The task
Your copy should begin with the line containing "This Nike Air", end with the line containing "こんばんわ〜❣️ 今日は、もはや夏の格好🌈 真夏でも、エアコンでかえって寒かったりするのでこの程度の軽装しかしないです。", match the listing below exactly, and contain no pictures.

Data shown
▼▼▼

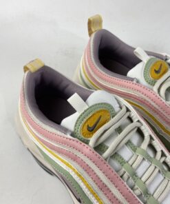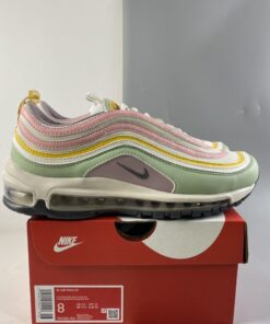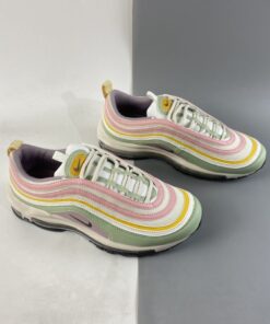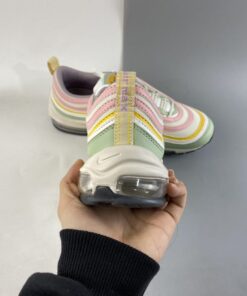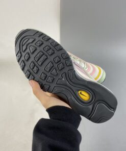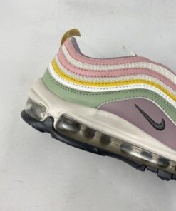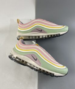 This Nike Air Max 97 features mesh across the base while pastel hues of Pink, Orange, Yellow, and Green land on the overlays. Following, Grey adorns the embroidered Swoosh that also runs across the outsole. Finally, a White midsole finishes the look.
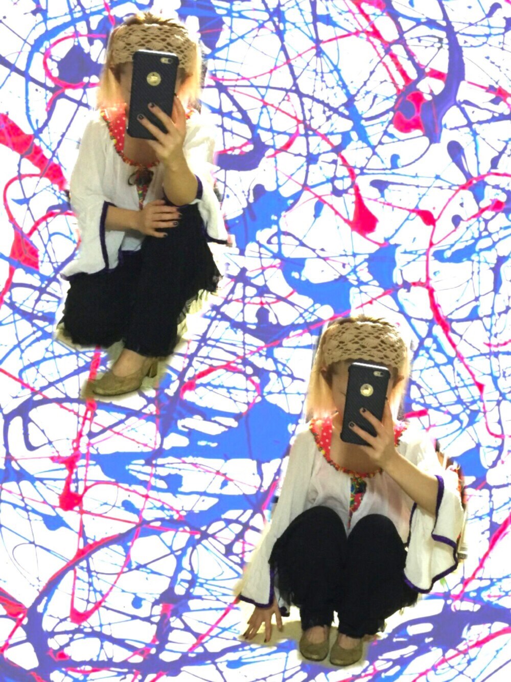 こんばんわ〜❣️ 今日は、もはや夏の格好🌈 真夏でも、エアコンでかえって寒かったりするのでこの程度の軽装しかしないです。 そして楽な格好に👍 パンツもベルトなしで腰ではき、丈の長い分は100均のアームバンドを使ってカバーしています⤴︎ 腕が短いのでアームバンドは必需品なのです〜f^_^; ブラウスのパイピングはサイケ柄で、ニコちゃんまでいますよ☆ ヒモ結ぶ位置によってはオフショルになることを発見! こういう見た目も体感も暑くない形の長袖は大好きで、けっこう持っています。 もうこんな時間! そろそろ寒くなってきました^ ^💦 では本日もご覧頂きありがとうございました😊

▲▲▲
▼▼▼

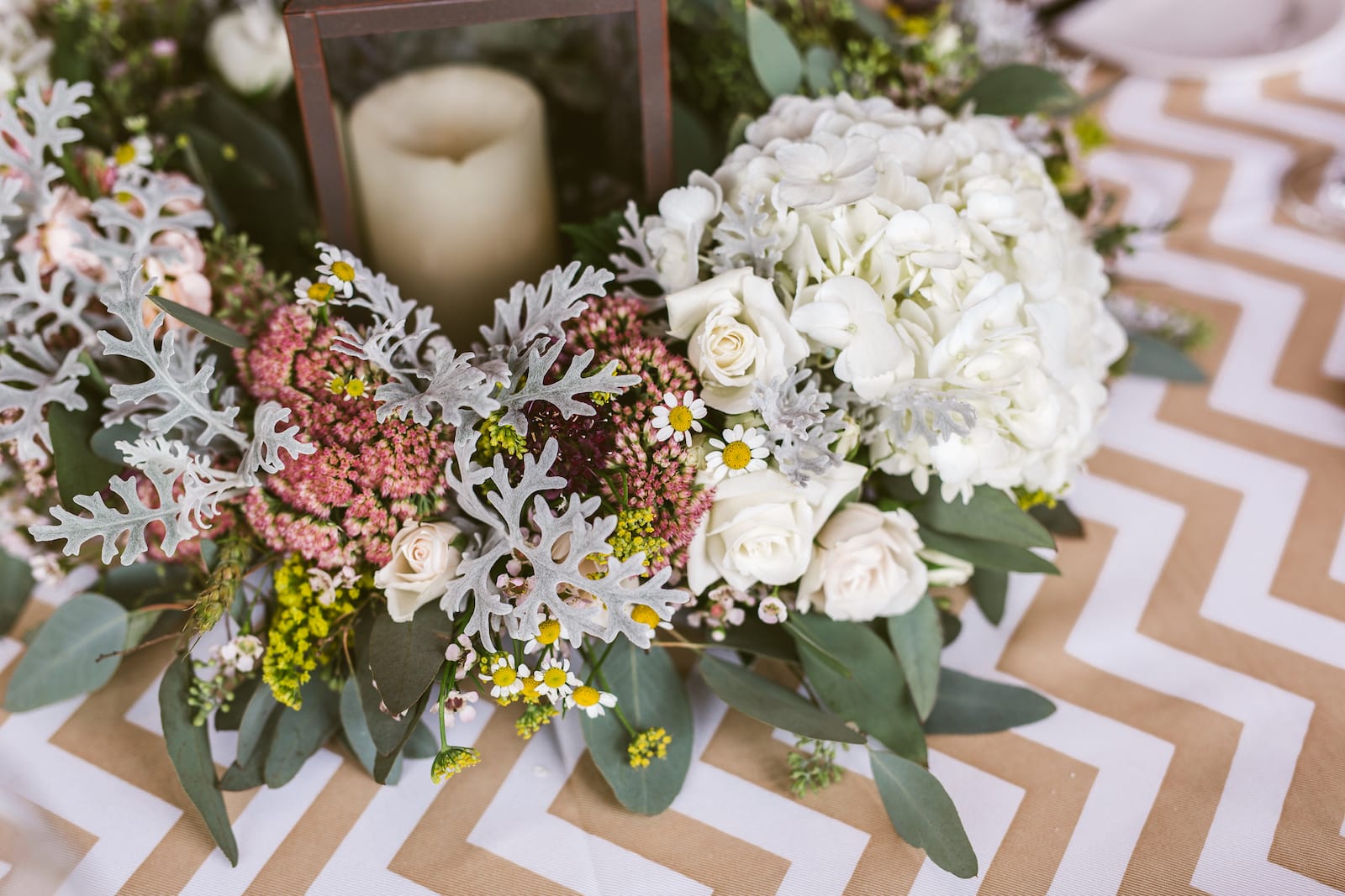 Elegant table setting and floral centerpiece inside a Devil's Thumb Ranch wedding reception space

▲▲▲
▼▼▼

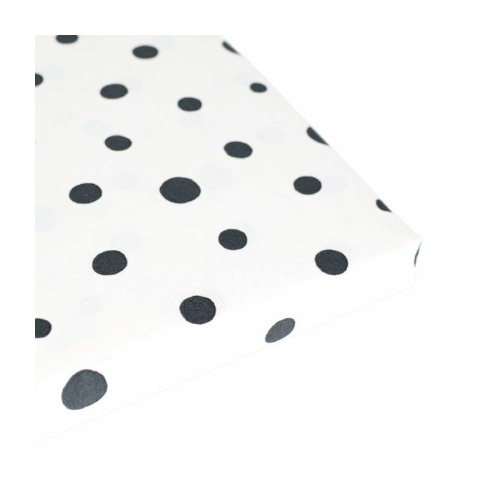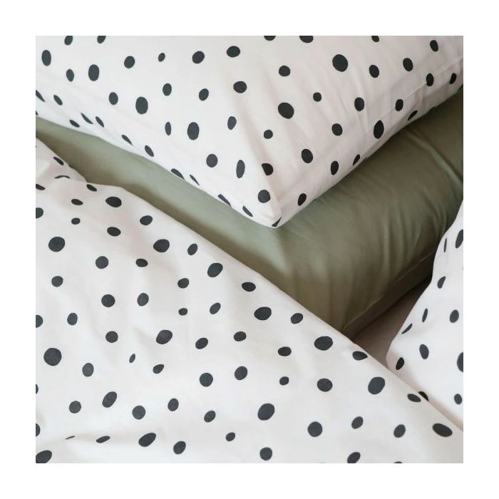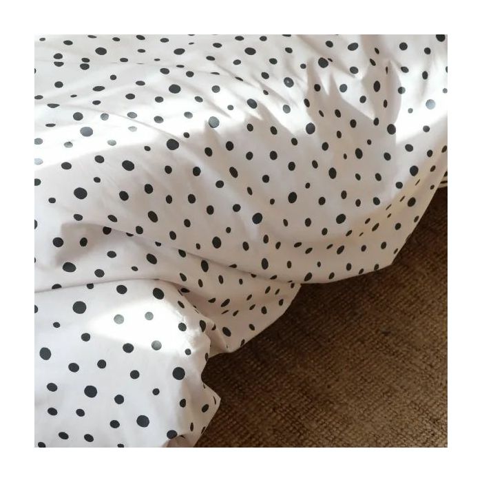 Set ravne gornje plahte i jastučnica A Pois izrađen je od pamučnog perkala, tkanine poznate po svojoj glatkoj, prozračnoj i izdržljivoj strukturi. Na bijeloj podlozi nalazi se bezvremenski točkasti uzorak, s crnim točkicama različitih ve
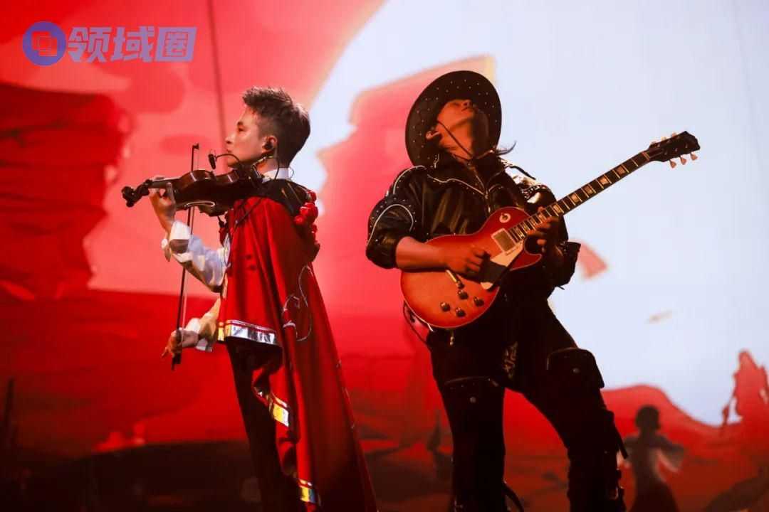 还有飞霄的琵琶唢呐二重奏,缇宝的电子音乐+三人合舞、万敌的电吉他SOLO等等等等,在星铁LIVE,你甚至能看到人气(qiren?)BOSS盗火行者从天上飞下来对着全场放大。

▲▲▲

Solution to this task
 This Nike Air Max 97 features mesh across the base while pastel hues of Pink, Orange, Yellow, and Green land on the overlays. Following, Grey adorns the embroidered Swoosh that also runs across the outsole. Finally, a White midsole finishes the look.
 こんばんわ〜❣️ 今日は、もはや夏の格好🌈 真夏でも、エアコンでかえって寒かったりするのでこの程度の軽装しかしないです。 そして楽な格好に👍 パンツもベルトなしで腰ではき、丈の長い分は100均のアームバンドを使ってカバーしています⤴︎ 腕が短いのでアームバンドは必需品なのです〜f^_^; ブラウスのパイピングはサイケ柄で、ニコちゃんまでいますよ☆ ヒモ結ぶ位置によってはオフショルになることを発見! こういう見た目も体感も暑くない形の長袖は大好きで、けっこう持っています。 もうこんな時間! そろそろ寒くなってきました^ ^💦 では本日もご覧頂きありがとうございました😊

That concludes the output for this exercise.